If we want them in reversed-alphabetical order, we can add `DESC` (for "descending") to the end of our query (`ASC` for "ascending" is the default):

In [24]:
with connection:
    result = connection.execute(
        "SELECT * FROM contacts ORDER BY name DESC"
    )

    for row in result:
        print(row)

(3, 'Sonia Winters', 'swinters@example.edu')
(1, 'Peter Parker', 'peter@example.edu')
(5, 'Henry Douglas', 'henryd@example.edu')
(4, 'Fallon Wilkes', 'fallon@example.com')
(6, 'Danny Reese', None)
(2, 'Claire Boyle', 'claireb@example.com')
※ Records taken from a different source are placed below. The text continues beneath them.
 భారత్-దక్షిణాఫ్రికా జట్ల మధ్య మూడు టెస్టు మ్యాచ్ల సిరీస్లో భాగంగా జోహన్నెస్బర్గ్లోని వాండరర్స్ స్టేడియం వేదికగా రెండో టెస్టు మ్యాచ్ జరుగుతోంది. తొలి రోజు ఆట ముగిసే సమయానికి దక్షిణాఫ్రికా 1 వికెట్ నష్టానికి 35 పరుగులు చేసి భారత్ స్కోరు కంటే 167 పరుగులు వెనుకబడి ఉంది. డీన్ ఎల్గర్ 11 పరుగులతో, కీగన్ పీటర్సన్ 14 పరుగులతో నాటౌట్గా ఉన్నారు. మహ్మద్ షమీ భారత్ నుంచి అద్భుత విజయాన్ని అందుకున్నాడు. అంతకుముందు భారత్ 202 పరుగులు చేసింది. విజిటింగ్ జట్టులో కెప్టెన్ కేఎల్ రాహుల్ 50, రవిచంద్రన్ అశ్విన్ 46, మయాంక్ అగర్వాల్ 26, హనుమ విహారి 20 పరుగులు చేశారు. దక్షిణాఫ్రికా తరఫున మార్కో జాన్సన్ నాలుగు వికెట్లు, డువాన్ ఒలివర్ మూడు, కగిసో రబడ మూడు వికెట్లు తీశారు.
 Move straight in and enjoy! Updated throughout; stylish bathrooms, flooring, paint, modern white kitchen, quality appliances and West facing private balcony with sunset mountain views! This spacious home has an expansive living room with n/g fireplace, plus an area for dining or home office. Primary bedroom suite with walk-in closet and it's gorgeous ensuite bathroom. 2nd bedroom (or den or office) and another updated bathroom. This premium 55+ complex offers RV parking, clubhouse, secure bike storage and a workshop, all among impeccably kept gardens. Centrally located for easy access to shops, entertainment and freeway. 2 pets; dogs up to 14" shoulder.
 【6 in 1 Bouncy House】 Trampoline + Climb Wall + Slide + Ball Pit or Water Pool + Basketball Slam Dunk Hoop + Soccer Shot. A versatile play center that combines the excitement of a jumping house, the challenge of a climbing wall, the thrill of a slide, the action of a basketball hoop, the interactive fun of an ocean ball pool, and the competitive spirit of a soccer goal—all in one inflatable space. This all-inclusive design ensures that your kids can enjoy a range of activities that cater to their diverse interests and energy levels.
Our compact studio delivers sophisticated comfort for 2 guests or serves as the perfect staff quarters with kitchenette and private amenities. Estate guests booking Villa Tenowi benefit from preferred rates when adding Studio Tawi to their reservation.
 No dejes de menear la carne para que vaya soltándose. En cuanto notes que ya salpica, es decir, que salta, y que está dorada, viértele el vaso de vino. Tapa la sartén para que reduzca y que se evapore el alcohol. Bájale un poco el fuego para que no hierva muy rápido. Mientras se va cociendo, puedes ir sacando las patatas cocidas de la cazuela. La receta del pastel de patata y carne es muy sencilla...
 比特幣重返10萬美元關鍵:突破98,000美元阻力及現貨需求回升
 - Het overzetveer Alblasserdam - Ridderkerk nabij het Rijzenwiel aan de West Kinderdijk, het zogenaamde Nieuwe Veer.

We can also `ORDER BY` multiple columns:

In [25]:
with connection:
    result = connection.execute(
        "SELECT * FROM contacts ORDER BY name, email DESC"
    )

    for row in result:
        print(row)

(2, 'Claire Boyle', 'claireb@example.com')
(6, 'Danny Reese', None)
(4, 'Fallon Wilkes', 'fallon@example.com')
(5, 'Henry Douglas', 'henryd@example.edu')
(1, 'Peter Parker', 'peter@example.edu')
(3, 'Sonia Winters', 'swinters@example.edu')


#### 9.2.4.3 Limiting
Though our current examples return relatively few rows, it's often useful to know how to limit the number of rows returned by a query. We can do so using the `LIMIT` clause:

In [26]:
with connection:
    result = connection.execute("SELECT * FROM contacts LIMIT 3")

    for row in result:
        print(row)

(1, 'Peter Parker', 'peter@example.edu')
(2, 'Claire Boyle', 'claireb@example.com')
(3, 'Sonia Winters', 'swinters@example.edu')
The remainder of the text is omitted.